Las investigaciones realizadas y los testimonios recabados por la CNDH destacan que Zerón perdió momentáneamente el equilibrio y procedió a sentarse en la cama. Ríos Velázquez le ordenó que se levantara, pero no lo pudo hacer y se quedó dormido. En dicho lugar también se recostó Flores Vargas, quedándose igualmente dormido.

"Después de unos minutos, el teniente coronel Ríos y otros militares que se encontraban en el lugar bebiendo, salieron del alojamiento y dejaron a los dos subtenientes. A las 14:30 horas, el teniente coronel Ríos se dirigió al alojamiento donde estaban los subtenientes, y (...) sólo se incorporó Flores Vargas, a quien invitó a que lo acompañara a un bar ubicado en la zona del Estado Mayor Presidencial.

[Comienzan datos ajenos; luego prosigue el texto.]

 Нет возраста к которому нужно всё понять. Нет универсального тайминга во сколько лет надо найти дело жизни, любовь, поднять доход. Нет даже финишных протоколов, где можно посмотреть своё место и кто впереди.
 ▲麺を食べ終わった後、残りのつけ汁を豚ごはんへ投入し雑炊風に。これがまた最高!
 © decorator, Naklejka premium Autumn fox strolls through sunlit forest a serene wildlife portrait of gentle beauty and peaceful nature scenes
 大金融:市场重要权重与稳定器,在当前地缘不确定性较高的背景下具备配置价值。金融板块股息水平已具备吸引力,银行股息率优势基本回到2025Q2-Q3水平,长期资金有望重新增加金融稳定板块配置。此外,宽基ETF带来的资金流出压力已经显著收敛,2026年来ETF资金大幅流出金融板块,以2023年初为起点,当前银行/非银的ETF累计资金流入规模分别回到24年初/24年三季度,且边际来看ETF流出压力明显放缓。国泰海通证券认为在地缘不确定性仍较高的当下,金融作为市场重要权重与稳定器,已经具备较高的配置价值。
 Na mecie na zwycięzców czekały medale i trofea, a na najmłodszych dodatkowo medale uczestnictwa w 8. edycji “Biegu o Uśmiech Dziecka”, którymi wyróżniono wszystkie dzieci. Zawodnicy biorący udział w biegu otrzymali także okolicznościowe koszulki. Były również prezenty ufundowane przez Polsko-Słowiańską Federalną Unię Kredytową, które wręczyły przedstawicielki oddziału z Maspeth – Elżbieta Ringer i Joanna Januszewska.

"En dicho lugar permanecieron hasta las 18:30 horas y de ahí se dirigieron al Segundo Batallón de Fusileros Paracaidistas y acudieron en auxilio del subteniente Zerón Martínez; como no reaccionó, pidieron apoyo al personal de tropa y lo trasladaron a la enfermería de la Segunda Brigada de Infantería independiente.

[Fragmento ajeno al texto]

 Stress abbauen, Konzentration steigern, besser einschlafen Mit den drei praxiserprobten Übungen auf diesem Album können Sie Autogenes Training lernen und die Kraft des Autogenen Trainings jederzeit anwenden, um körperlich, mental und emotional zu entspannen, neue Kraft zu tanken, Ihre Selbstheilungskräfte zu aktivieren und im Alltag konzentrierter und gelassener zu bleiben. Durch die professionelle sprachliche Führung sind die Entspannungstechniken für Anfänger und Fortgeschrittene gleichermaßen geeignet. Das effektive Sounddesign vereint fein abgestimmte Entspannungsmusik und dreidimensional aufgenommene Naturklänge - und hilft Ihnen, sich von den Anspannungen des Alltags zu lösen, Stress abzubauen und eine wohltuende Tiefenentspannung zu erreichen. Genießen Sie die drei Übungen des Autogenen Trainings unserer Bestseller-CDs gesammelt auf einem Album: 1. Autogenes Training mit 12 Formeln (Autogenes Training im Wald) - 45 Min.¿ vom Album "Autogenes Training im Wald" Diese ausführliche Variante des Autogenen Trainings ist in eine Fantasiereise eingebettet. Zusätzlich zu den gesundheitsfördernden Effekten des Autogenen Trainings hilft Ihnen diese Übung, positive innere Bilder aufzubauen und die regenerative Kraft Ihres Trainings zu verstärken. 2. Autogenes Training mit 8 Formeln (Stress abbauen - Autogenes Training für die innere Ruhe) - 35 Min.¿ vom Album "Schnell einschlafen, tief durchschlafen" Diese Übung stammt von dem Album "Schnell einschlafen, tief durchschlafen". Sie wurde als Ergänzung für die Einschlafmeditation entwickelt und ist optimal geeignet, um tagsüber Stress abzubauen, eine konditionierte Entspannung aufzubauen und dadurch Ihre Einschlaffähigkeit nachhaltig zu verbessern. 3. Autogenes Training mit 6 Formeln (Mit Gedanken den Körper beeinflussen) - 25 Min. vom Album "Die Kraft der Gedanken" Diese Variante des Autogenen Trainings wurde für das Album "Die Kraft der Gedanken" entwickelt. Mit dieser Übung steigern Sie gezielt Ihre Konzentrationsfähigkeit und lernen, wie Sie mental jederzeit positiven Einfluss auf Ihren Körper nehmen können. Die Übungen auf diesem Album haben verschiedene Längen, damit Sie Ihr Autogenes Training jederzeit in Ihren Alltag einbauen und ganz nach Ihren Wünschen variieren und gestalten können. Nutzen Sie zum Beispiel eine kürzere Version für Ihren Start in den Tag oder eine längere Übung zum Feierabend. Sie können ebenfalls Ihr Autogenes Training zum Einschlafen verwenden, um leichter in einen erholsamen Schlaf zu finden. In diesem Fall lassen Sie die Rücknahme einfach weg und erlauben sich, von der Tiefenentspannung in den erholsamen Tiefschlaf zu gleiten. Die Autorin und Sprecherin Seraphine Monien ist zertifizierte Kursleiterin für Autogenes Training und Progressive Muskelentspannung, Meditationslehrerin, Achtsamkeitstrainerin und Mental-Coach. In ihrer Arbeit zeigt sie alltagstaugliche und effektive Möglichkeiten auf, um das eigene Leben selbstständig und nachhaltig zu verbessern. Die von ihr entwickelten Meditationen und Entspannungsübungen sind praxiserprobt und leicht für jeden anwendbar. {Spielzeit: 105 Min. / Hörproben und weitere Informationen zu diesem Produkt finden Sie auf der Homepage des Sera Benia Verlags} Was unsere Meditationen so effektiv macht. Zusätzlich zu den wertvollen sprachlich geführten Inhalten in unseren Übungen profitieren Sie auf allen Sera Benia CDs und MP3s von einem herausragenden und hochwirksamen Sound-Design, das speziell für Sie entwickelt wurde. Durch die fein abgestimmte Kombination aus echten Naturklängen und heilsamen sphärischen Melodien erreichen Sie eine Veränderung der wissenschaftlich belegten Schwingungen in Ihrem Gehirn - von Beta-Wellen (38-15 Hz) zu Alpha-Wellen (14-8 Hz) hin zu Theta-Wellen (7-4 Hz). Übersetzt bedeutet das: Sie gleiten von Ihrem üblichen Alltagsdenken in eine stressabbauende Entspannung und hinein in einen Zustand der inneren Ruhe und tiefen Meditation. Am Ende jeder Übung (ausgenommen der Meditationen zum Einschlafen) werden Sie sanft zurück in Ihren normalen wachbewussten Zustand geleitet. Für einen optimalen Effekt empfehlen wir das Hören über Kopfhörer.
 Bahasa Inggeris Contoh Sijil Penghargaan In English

"Al llegar a esa instalación sanitaria se detectó que el cuerpo no tenía pulso, no respiraba, no existía presión arterial, no tenía temperatura ni llenado capilar, por lo que de inmediato se llamó al médico de guardia, quien llegó a las 19:15 horas.

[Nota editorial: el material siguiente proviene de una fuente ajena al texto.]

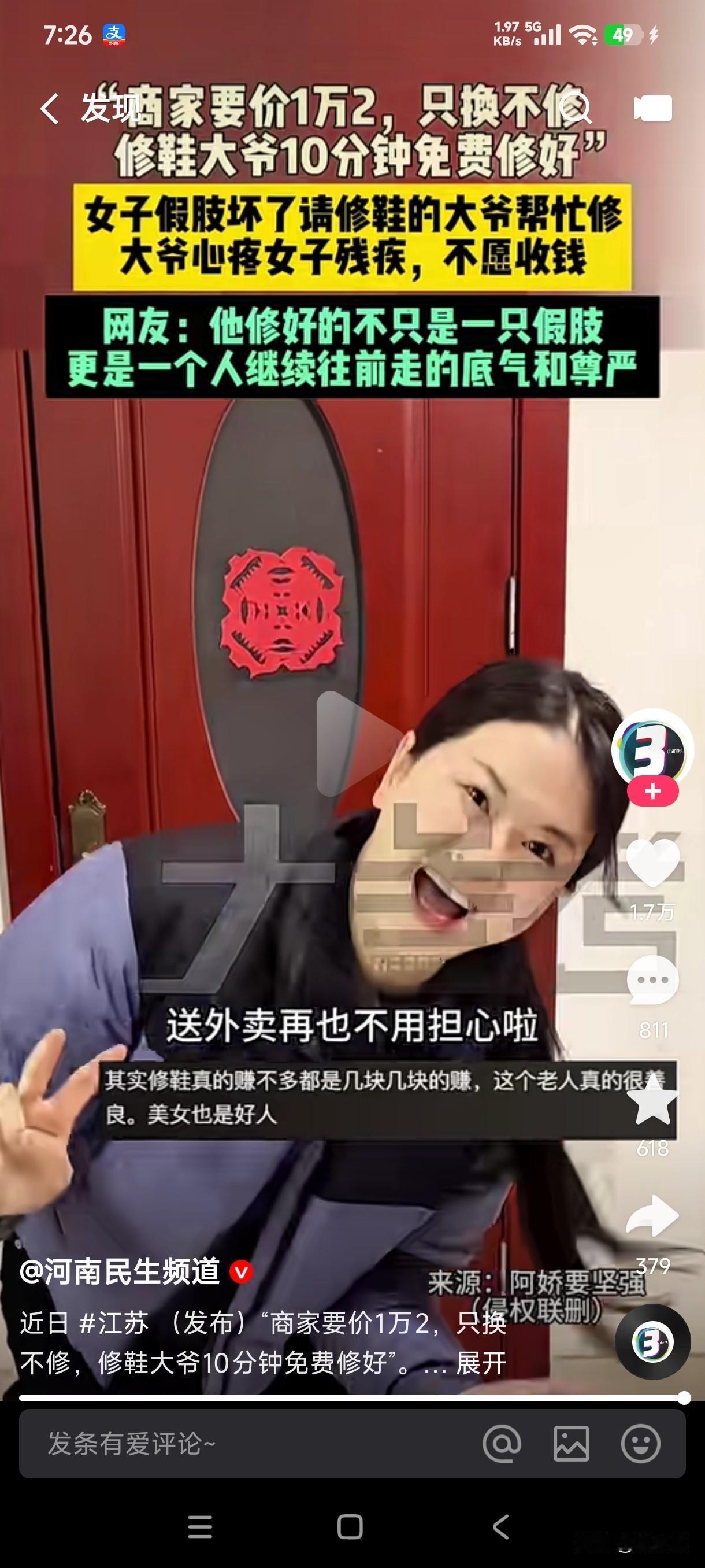 女子假肢坏了找商家帮忙修复,居然要价1万2只换不修,无奈之下只好放弃,谁能想到修鞋大爷10分钟免费帮女子修好。 修鞋大爷修了一辈子的鞋,没想到有一天居然把假肢也能修好,女子面对商家的高额要价换修费无力支付时,她竟然抱着试试的心态去找修鞋大爷,问问看大爷能不能帮忙修一下假肢,没想到大爷听到女子询问能不能修假肢时,大爷也当场愣住了,原来女子是一个残疾人,立即说到可以帮忙修。 不一会的功夫大爷就给女子修好了假肢,女子给大爷钱时大爷坚决不愿收,女子对大爷说她挣钱比大爷容易,帮了这么大的忙不收钱她心里过意不去,但是大爷无论如何都没有收她的钱,最后女子买了水果送给大爷,对大爷的免费帮助女子也甚是感谢,女子回家穿上假肢,一边拍视频一边高兴的说,假肢终于好了,既能蹦又能跳的,送外卖再也不用担心了。 大爷修好的不仅是一个假肢,更是一个残疾人努力向前走的底气和尊严,彼此都是为了生活,也许最底层的人更能体会到相互之间的不易!

"Al realizar la valoración, (el médico de guardia) encontró que el oficial Zerón no presentaba signos vitales evidentes, procedió a iniciar maniobras de reanimación cardiopulmonar básica mediante entubación endotraqueal y masaje cardiaco, y encontró durante las maniobras de ventilación asistida que el cuerpo despedía aliento alcohólico y salida de contenido aparentemente alimenticio. Se le trasladó al Hospital Militar Central, donde a las 19:40 horas se declaró el fallecimiento del subteniente Zerón."

La necropsia estableció que el subteniente Zerón Martínez falleció a consecuencia de insuficiencia respiratoria aguda, secundaria a broncoaspiración de contenido gástrico, y se detectaron las siguientes lesiones: "equimosis violácea de párpado superior izquierdo, una herida producida por un mecanismo contuso en la región mentoniana de 15 milímetros de largo, a tres centímetros a la izquierda de la línea media, una escoriación en la región mastoidea izquierda de un centímetro de longitud, aumento de volumen al lado derecho del dorso de la nariz, marcas de quemadura de forma lineal y huellas de venopunción en miembros superiores".

La CNDH asevera que las lesiones que presentó el agraviado se produjeron cuando aún tenía vida y pudieran ser resultado del impacto de un objeto de superficie roma (chata) con la superficie corporal, y las declaraciones de los testigos son coincidentes en señalar que fue el teniente coronel quien ordenó a los subtenientes tomar las bebidas alcohólicas, situación que se repitió al menos tres veces.

Hace notar que en enero de 2006 se ejerció acción penal contra el teniente coronel Ríos, por su responsabilidad en el homicidio, y el 15 de febrero siguiente el juez sexto militar le dictó auto de libertad.

El Ministerio Público Militar interpuso recurso de apelación, y el Supremo Tribunal Militar revocó la resolución del juez y dictó auto de formal prisión; sin embargo, el 17 de enero de este año el juez sexto militar dictó sentencia definitiva en la que declara que el teniente coronel no es culpable ni penalmente responsable de abuso de autoridad, ante lo que se interpuso una apelación que está pendiente de resolución.

No obstante ello, la CNDH subraya que quedó acreditado que los elementos del Ejército Mexicano trasgredieron los derechos a la legalidad y seguridad jurídica del agraviado al ejercer indebidamente el cargo que les fue conferido, al omitir órdenes contrarias a la función pública e incumplir deberes de cuidado.

Asimismo la CNDH considera necesario que el Ministerio Público Militar se pronuncie sobre el probable abuso de autoridad, el origen y cantidades de barbitúricos en la sangre del occiso y las lesiones que presentaba el cuerpo del subteniente Zerón, lo que debe ser investigado por dicha autoridad.